● **Exercise details**:
Find the line below with "Household stainless steel". Print it and every line after it exactly, through the last line, leaving out the pictures.

● **Source material**:
============================================================

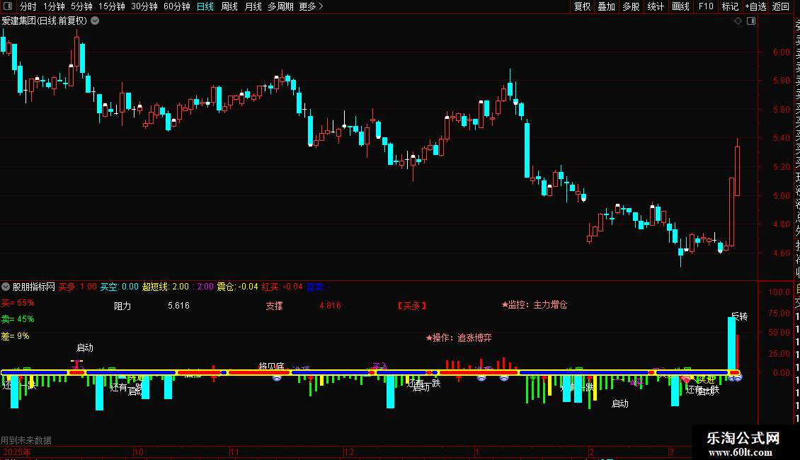 蓝卖: IF(VR4<VR5,-0.036,DRAWNULL),,COLORBLUE,LINETHICK5;
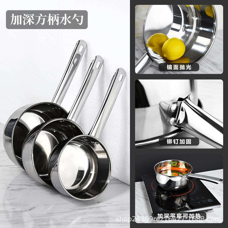 Household stainless steel flat bottom water spoon wholesale with handle water spoon Kitchen water spoon commercial deepening water spoon
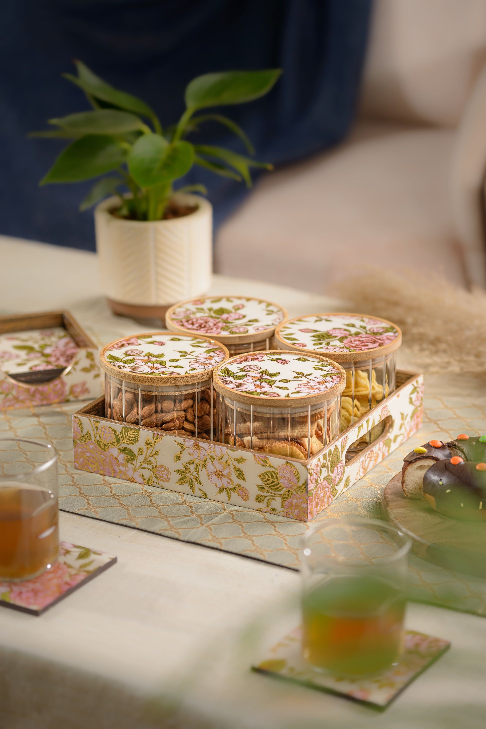 Tray: Designer tray for holding the jars, made of laminated mdf. Covered from all sides.

============================================================

● **Answer to the problem**:
 Household stainless steel flat bottom water spoon wholesale with handle water spoon Kitchen water spoon commercial deepening water spoon
 Tray: Designer tray for holding the jars, made of laminated mdf. Covered from all sides.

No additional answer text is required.